Face à l’inflation, les géants de l’agroalimentaire veulent montrer patte blanche. Accusés par certains acteurs d’entretenir la flambée des prix en empochant de confortables marges au passage, les industriels se sont engagés dans des renégociations avec les distributeurs, et les premiers résultats de ces échanges devraient être visibles dans les prochaines semaines, a déclaré le patron de l’Association Nationale des Industries Alimentaires (Ania).
Interrogé sur FranceInfo , Jean-Philippe André a rappelé que sur les 45 géants de l’agroalimentaire, «80% vont activer des leviers pour faire en sorte que, dans les trois prochains mois, les prix en rayon baissent». Dans la majorité des cas, il ne s’agira toutefois pas d’un recul pérenne, mais plutôt de promotions temporaires : les industriels concernés doivent encore encaisser, en amont, des coûts élevés, les prix des matières premières n’ayant pas baissé, a argumenté le représentant. Les prix en rayon de certains produits, comme ceux à base de céréales, de volaille ou de café, pourront quant à eux bénéficier durablement de la chute des matières premières.

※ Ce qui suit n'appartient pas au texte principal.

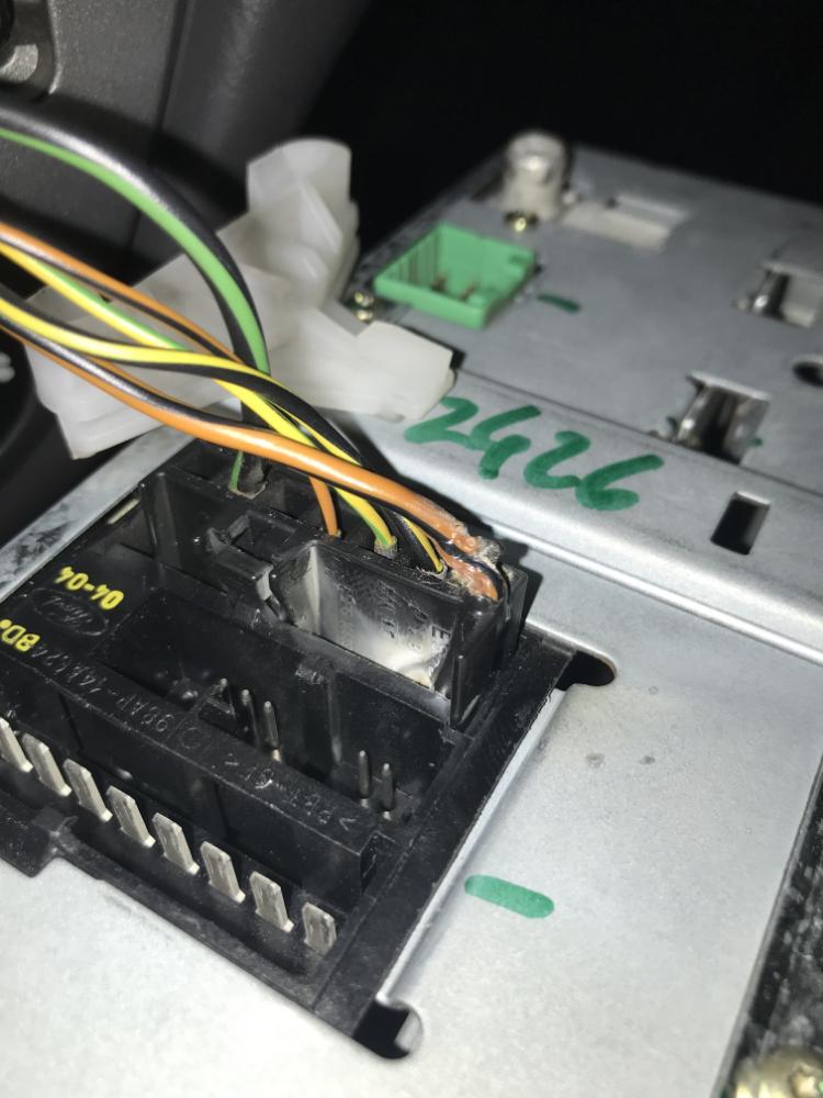 Sestra měla 6000CD RDS E-ON ve svém FoFo 1, ten ale přestal před měsícem kompletně fungovat. Již dříve byl problém s CD mechanikou, kde bylo X let zaseklé CD, které se mi "násilím" podařilo vytáhnout, avšak samotný mechanizmus již od té doby nefungoval. Tento týden jsem se tedy snažil zprovoznit rádio, které nejevilo žádné známky života. Rádio jsem z palubní desky vytáhl a překvapivě jsem našel přepálený napájecí kabel, viz. foto. Zajímavé na tom je, že žádná pojistka nebyla přepálená, tak snad to byla chyba samotného autorádia a ne kabeláže.
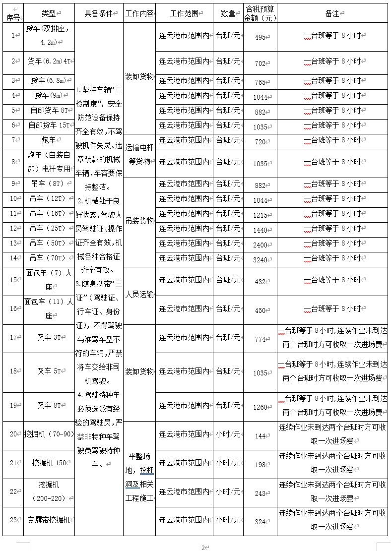 2.采購(gòu)內(nèi)容:連云港工投集團(tuán)供電工程分公司機(jī)械、車輛租賃

Les promotions auront «un vrai impact pour les consommateurs», a assuré le président de l’Ania, à partir de la première quinzaine de juillet et pour trois mois. Elles seront visibles sur 200 à 300 références nationales, et les baisses de prix engendrées devraient s’échelonner entre «7,5% et 10%», jusqu’en septembre, selon Jean-Philippe André. «Vous allez avoir quatre, cinq marques qui vont pouvoir baisser […] et toutes les autres vont faire des opérations promotionnelles qui n’étaient pas prévues», a-t-il expliqué. Les produits concernés seront variés, la totalité des 75 plus grandes entreprises de l’agroalimentaire devant proposer des opérations, selon le président du directoire de Haribo France. Ces actions devraient par ailleurs être financées par les industriels, qui prendront sur leurs marges.
Pas de retour aux prix d’avant
Le patron de l’Ania a toutefois rappelé qu’il ne croyait nullement à un retour aux prix d’avant-crise. «On ne reviendra jamais à ce niveau-là», tous les éléments – dont les salaires – ayant été «chamboulés», s’est-il justifié. «Il est juste et honnête de dire qu’on ne reviendra pas aux niveaux de 2019, ça, c’est certain», a-t-il martelé. Un constat similaire à celui dressé par l’Insee : selon les statisticiens nationaux, l’inflation devrait ralentir considérablement d’ici la fin de l’année, mais sans aller jusqu’à une déflation pour autant. «Les prix à la consommation des produits alimentaires pourraient nettement ralentir, sans toutefois forcément baisser en moyenne», résumaient-ils dans leur note.
Le patron de l’Ania s’est par ailleurs insurgé contre l’idée selon laquelle ses membres auraient bénéficié de marges particulièrement massives grâce à l’inflation. S’appuyant sur un rapport passé de l’inspection générale des finances (IGF) sur l’année 2022, il a contesté le taux de marge de 48% avancé par l’Insee. «Ça doit se compter sur les doigts de la main, une entreprise, sur les 75 [plus grands groupes agroalimentaires] qui nous dit aujourd’hui “j’ai conservé mon niveau de marge”», s’est-il agacé.
S’il n’y aura pas de retour aux prix des dernières années, les industriels promettent donc de prendre leur part dans la lutte contre l’inflation. Reste à voir si les distributeurs répercuteront ces baisses de prix et promotions dans les rayons. Sur Cnews, jeudi matin, la ministre déléguée chargée du Commerce a confirmé que les consommateurs devraient voir certaines «baisses» de prix dans les rayons, dès juillet, tout en avertissant les acteurs que l’État compte bien surveiller de près la situation. «Nous serons extrêmement vigilants pour que les baisses de prix soient répercutées», a prévenu Olivia Grégoire.